Some of these modern parallels include: 

  • Men feel the weight of the provider role and separation and even alienation from family life. They want to be better husbands and fathers. 
  • Women, many of whom had worked before WWII, feel the weight of family responsibility and desire more expressive men and more “companionate” marriages. 
  • Parents are concerned about raising their kids in a world they don’t understand and are worried about protecting them from life-changing risks. 
  • Families struggle to support one another and feel the private burdens of giving and receiving. These are families who in the first few decades of their lives did not have the government resources or programs we know today. The need for “charity” in the community or “public aid” brought shame.  
  • Families struggle to live together, especially when parents move in with adult children. 
  • Parents must make strategic and sometimes difficult decisions about family planning due in part to finances. 
  • The ingredients of a good marriage include marital compatibility, alignment with respect to finances, sex, child discipline, and relationships with family. 

Another thing that’s as true across generations, he says, is people’s resiliency, seen most recently in our response to the COVID-19 pandemic and the necessity of reimagining nearly every aspect of living, learning, loving, working and playing. 

“The pandemic has reminded people and societies today of a world they forgot – a time when long and relatively healthy lives – even life itself – could not be taken for granted. People have learned that they need each other. They’ve realized that their well-being rests on the stable functioning of government and institutions. They have learned that the sense of a normal, expectable life can quickly come undone.”  

Times such as these reveal the best and the worst in people, he says. “Some are able to adapt, while others struggle. In the Great Depression, for example, some of these families bear little resemblance to the images and narrative of the time.
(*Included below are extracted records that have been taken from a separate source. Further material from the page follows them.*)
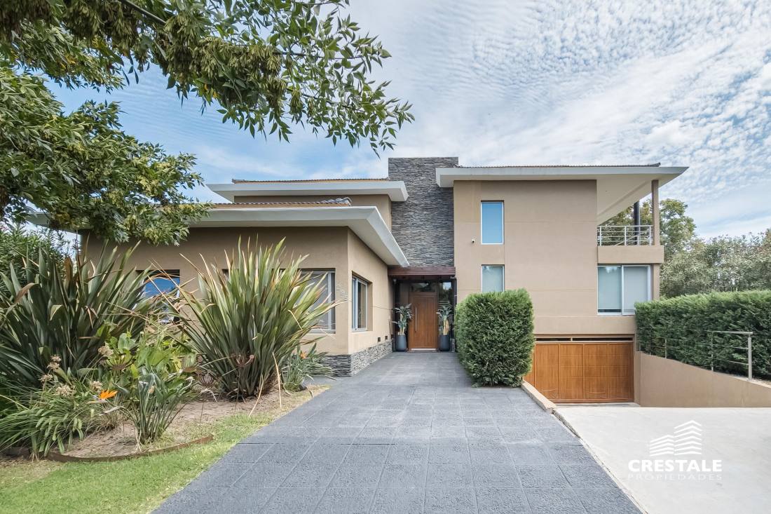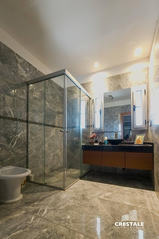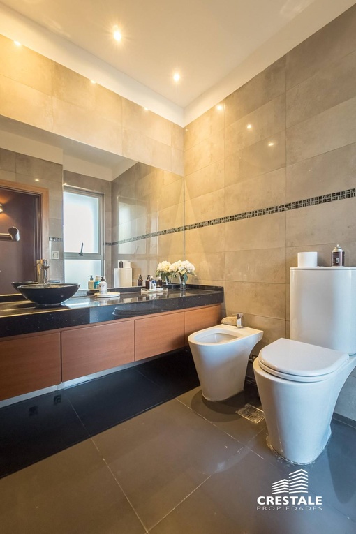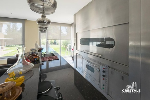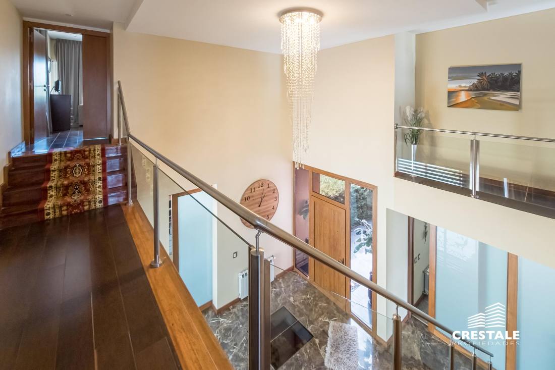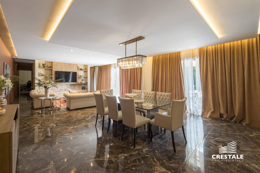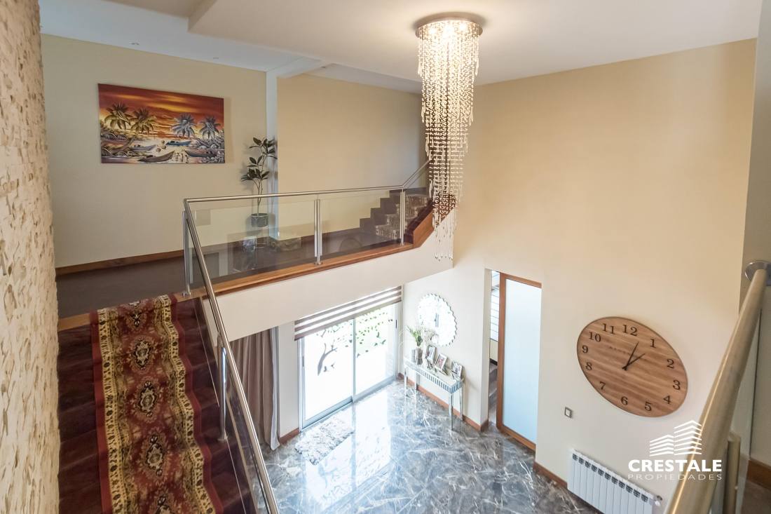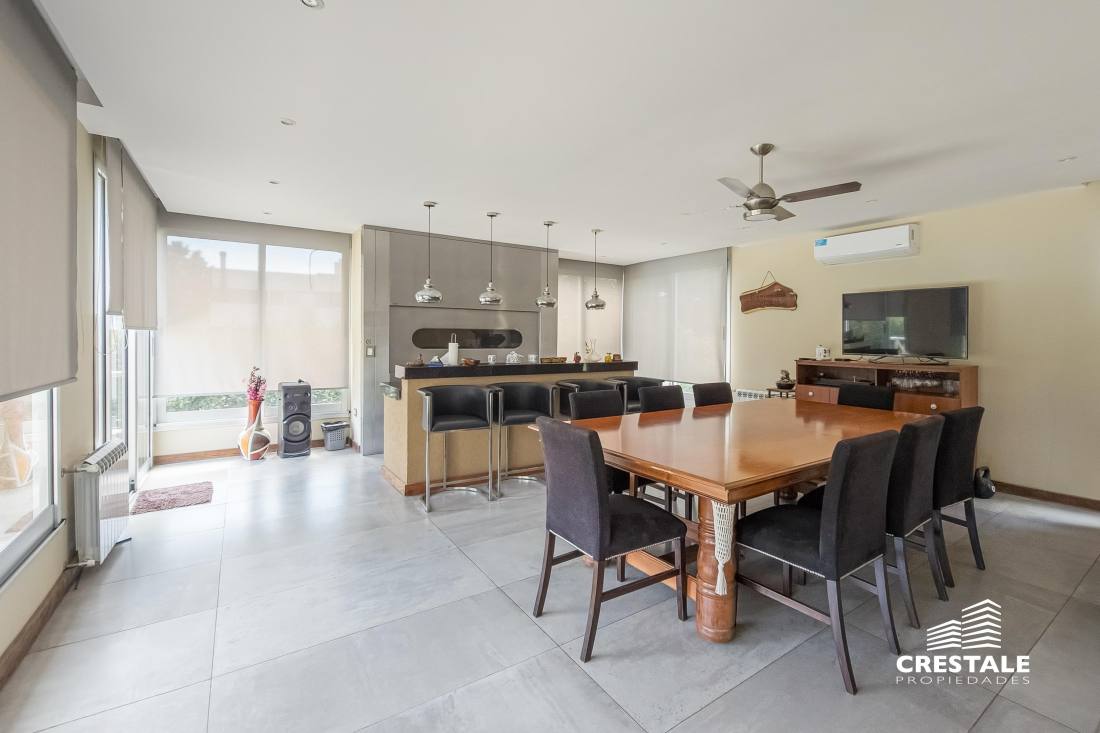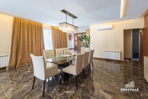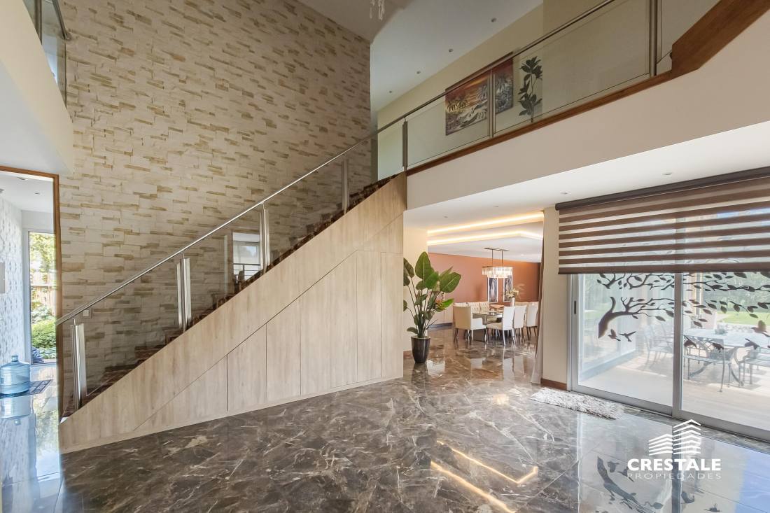 Venta / Permuta - Casa 4 dormitorios con piscina, quincho y subsuelo - Kentucky, Funes Propiedad desarrollada sobre un lote de 1200 m² (25 m de frente por 48 m de fondo), con una superficie cubierta de 458 m², distribuida en tres niveles y orientada al este, lo que favorece la luminosidad natural en los principales ambientes. En planta baja se dispone un amplio estar comedor con grandes ventanales al jardín, generando integración visual y espacial con el exterior. La cocina es independiente, equipada con isla central, mesadas y alzadas en mármol, mobiliario de primera línea Johnson y alacenas con frentes de vidrio, complementada con lavadero independiente. En este nivel también se desarrolla un dormitorio con baño completo y un escritorio, ideal para home office o uso flexible. En planta alta se encuentra la master suite de generosas dimensiones, con vestidor doble, sector íntimo adicional y baño completo con hidromasaje, doble bacha y box de ducha. Los dormitorios secundarios cuentan con excelentes dimensiones, uno de ellos en suite con vestidor, mientras que el restante es asistido por un baño completo. La propiedad incorpora un subsuelo con cava y SUM, ideal para usos recreativos, sociales o de guardado. El sector exterior cuenta con galería semicubierta, quincho independiente de grandes dimensiones con parrillero revestido en acero inoxidable, y piscina equipada con sistema de bomba y filtrado, conformando un espacio ideal para reuniones y esparcimiento. El ingreso vehicular dispone de portón automatizado de PVC, rampa de hormigón y cochera cubierta para dos vehículos. La vivienda se destaca por su calidad constructiva, amplitud y diseño funcional, con calefacción por radiadores en todos los ambientes. Residencia de alta gama en barrio privado Kentucky Club de Campo, uno de los desarrollos más exclusivos de Funes. Ubicado sobre la autopista Rosario–Córdoba, el barrio ofrece rápida conexión con Rosario y cercanía a los principales corredores de la región. Kentucky se caracteriza por su entorno natural, amplios lotes y urbanización de primer nivel, consolidado como uno de los barrios más buscados para vivienda permanente. El desarrollo cuenta con infraestructura deportiva y recreativa, incluyendo canchas de golf, tenis, fútbol y espacios verdes, además de seguridad las 24 horas y accesos controlados, brindando un entorno seguro y de calidad para la vida familiar. Código web: CHO7870382
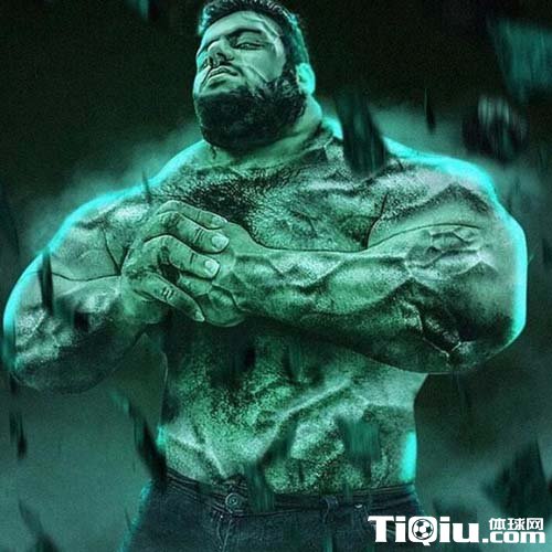 他的粉丝为了凸显他的肌肉强大,还特意为他制作了一张作品,俨然就是一个绿巨人。
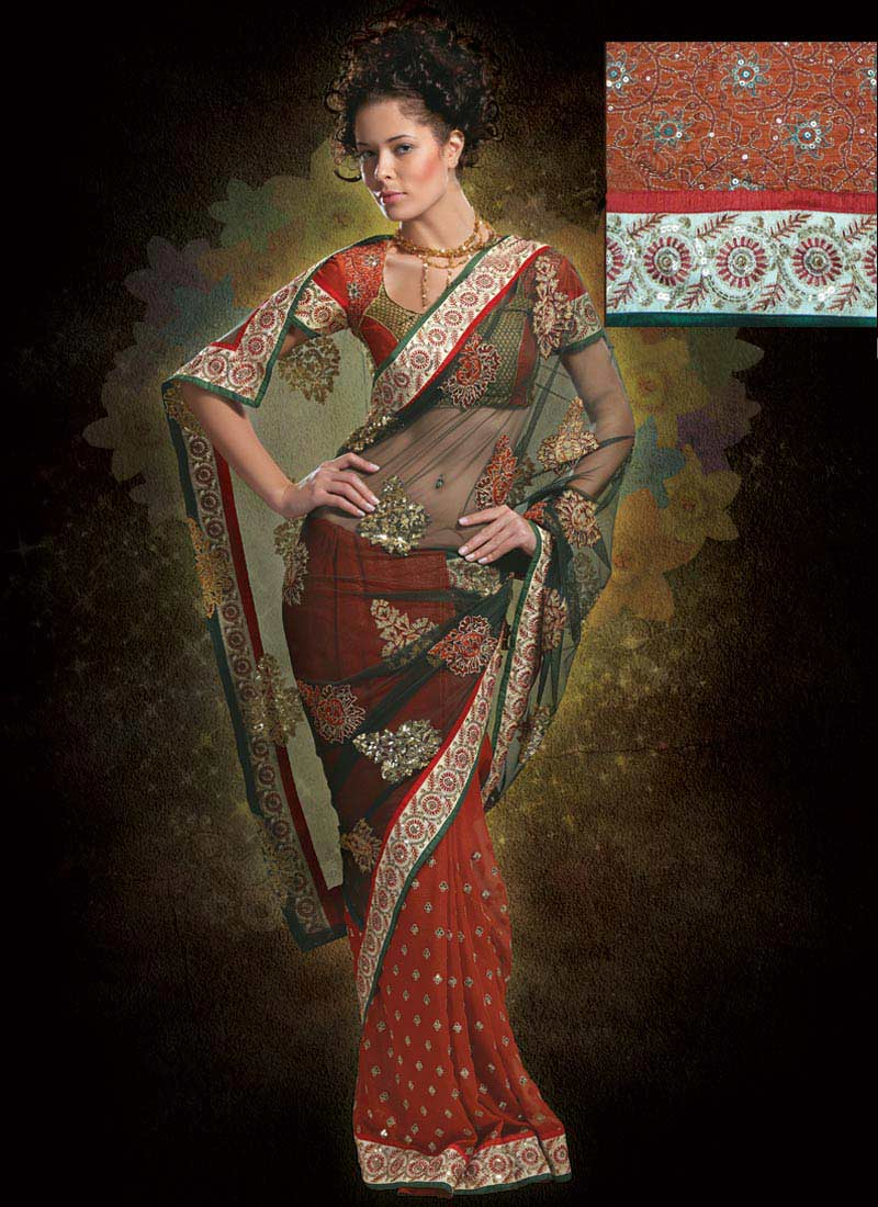 Flattering rust saree features cream patch made beautiful with sequins and resham embroidered design. The lower part of the sari features sequins and resham embroidered buttis.
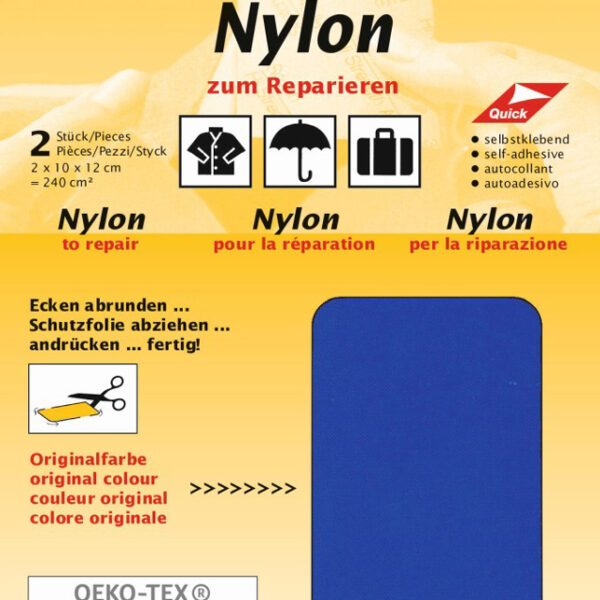 Nylon-reparatielappen, zelfklevend, korenblauw.
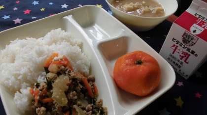 でした。ジューシーそぼろ丼。さくさくみかん。よろしゅうおあがり!
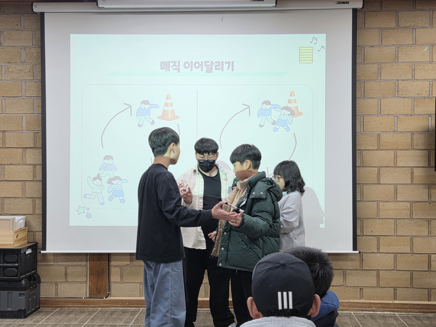 팀을 나누어 진행된 다양한 게임 속에서 아이들은 자연스럽게 협동심을 발휘했습니다. 이모지 맞추기 게임, 노래 맞추기, 매직이어달리기 등 다양한 활동이 이어지며 곳곳에서 웃음소리가 끊이지 않았습니다. 서로를 응원하고 함께 힘을 모으며 즐거운 분위기 속에서 캠프의 첫째 날이 마무리되었습니다.

Some actually profit, while others are left devastated and take many years to recover. 

“They do mostly manage to come back economically, especially because of the war – they have a dramatic swing from the depths of the depression to the heights of postwar prosperity, one after the other. But the emotional legacy lasts their whole lives – and in very gendered ways. By later life, women have much stronger emotional health, and men more often are depressed and have earlier mortality. Women seem to more easily stretch their roles and fill in as necessary; men have a hard time not being able to do what they’re expected to do.” 

Just as this 1900 generation was influenced by the nuances of their times – and their parents, who were trapped between the Victorian age and post WWII era – so, too, are those who follow. Six generations have been observed since 1900 – the GI Generation, Silent Generation and Baby Boomers, followed by Gen X, Millennials and Gen Z. But does slicing the population into generational segments with clever names really matter? 

“We recognize generations because of the differences in the reality of lives and world views affected by history, social change and parenting. But these are also social constructs that can exaggerate or impose differences that aren’t all that meaningful,” he says.  

“It’s sort of an arbitrary game, because there’s extraordinary variability within the group, where things such as social class, race and gender may matter more than one’s location in history. But these conversations get us thinking about history – and that matters.”